What Matters in Transformers? Not All Attention is Needed (2406.15786v6)

Published 22 Jun 2024 in cs.LG, cs.AI, and cs.CL

Abstract: While scaling Transformer-based LLMs has demonstrated promising performance across various tasks, it also introduces redundant architectures, posing efficiency challenges for real-world deployment. Despite some recognition of redundancy in LLMs, the variability of redundancy across different architectures in transformers, such as MLP and Attention layers, is under-explored. In this work, we investigate redundancy across different modules within Transformers, including Blocks, MLP, and Attention layers, using a similarity-based metric. Surprisingly, despite the critical role of attention layers in distinguishing transformers from other architectures, we found that a large portion of these layers exhibit excessively high similarity and can be pruned without degrading performance. For instance, Llama-2-70B achieved a 48.4\% speedup with only a 2.4\% performance drop by pruning half of the attention layers. Furthermore, by tracing model checkpoints throughout the training process, we observed that attention layer redundancy is inherent and consistent across training stages. Additionally, we further propose a method that jointly drops Attention and MLP layers, allowing us to more aggressively drop additional layers. For instance, when dropping 31 layers (Attention + MLP), Llama-2-13B still retains 90\% of the performance on the MMLU task. Our work provides valuable insights for future network architecture design. The code is released at: \url{https://github.com/Shwai-He/LLM-Drop}.

PDF HTML Abstract

Analysis of Redundancy in Transformer Architectures: An Examination of Attention and MLP Layer Pruning

This paper explores the redundancy prevalent in Transformer-based models, particularly focusing on attention and MLP layers within LLMs. The paper systematically analyzes which components within Transformer architectures may be pruned to streamline operations without significant performance degradation, thereby enhancing efficiency and deployment feasibility in real-world applications.

Redundancy in Transformer Structures

Transformer configurations traditionally contain multiple stacked elements, including blocks, MLP layers, and attention layers, each serving distinct roles. Here, the paper identifies and evaluates redundancy within these structures using a similarity-based metric. This approach measures the similarity between a module's input and output, offering an estimate of its redundancy.

Key Findings and Numerical Results

A particularly striking result is the high redundancy observed in attention layers. The paper provides robust quantitative evidence that a substantial portion of these layers can be pruned. For instance, the Llama-2-70B model achieved a 48.4% speedup with only a 2.4% drop in performance after pruning half of the attention layers. These findings suggest that the critical functional identifiers of Transformers—attention layers—can be pruned extensively while maintaining model efficacy.

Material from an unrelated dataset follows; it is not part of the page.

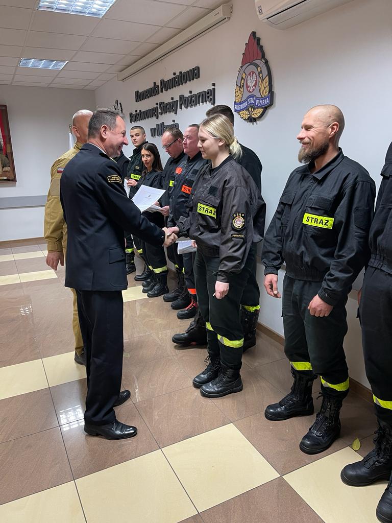Komendant Powiatowy Państwowej Straży Pożarnej w Mławie - bryg. Mirosław Wójcik osobiście pogratulował i wręczył druhnom i druhom zaświadczenia potwierdzające ukończenie szkolenia podstawowego strażaka-ratownika OSP. Potwierdzenie ukończenia szkolenia, obok ubezpieczenia oraz badań lekarskich jest podstawowym elementem dopuszczającym druha do bezpośredniego udziału w działaniach ratowniczo-gaśniczych. Po niedzielnym egzaminie szeregi ochotniczych straży pożarnych wzmocniły się o 40 nowych strażaków-ratowników OSP.

Contrastingly, MLP layers, when pruned, tend to degrade performance more significantly, indicating lower redundancy compared to attention layers. Pruning MLP layers alone resulted in notable performance declines, affirming that attention layers offer more pruning potential.

Implications on Model Efficiency

The investigation highlights that attention layer redundancy is consistent throughout training stages. This consistency indicates that the observed redundancy is an intrinsic characteristic of Transformer architectures, providing insights into future network design. The researchers also present a combined pruned approach—Joint Layer Drop—that optimizes both attention and MLP layer removal, enhancing performance. When applied, Llama-2-13B preserved 90% of performance on the MMLU task after substantial layer removal, underscoring the method's effectiveness.

Theoretical and Practical Implications

Theoretically, these findings advance our understanding of model sparsity and pruning strategies, underlining that not all layers contribute equally to a model's performance. Practically, such insights are instrumental in designing more efficient, cost-effective models suitable for deployment under constrained resources. The trade-offs presented by the Joint Layer Drop open possibilities for significant computational and memory savings without incurring substantial performance costs.

Future Directions

Given the promising results highlighted, further research could explore adaptations to Transformer architectures that inherently incorporate fewer attention layers or employ alternative attention mechanisms that can maintain reduced redundancy from the onset. Additionally, combining pruning with retraining post-pruning could serve to refine model outputs further, leveraging identified redundancies and efficiencies.

In conclusion, this paper not only identifies substantial redundancy within existing Transformer architectures but also provides effective pruning strategies that maintain model integrity and performance. Such advances are pivotal as the field seeks to balance model accuracy with efficiency, particularly in deploying large-scale models in practical settings.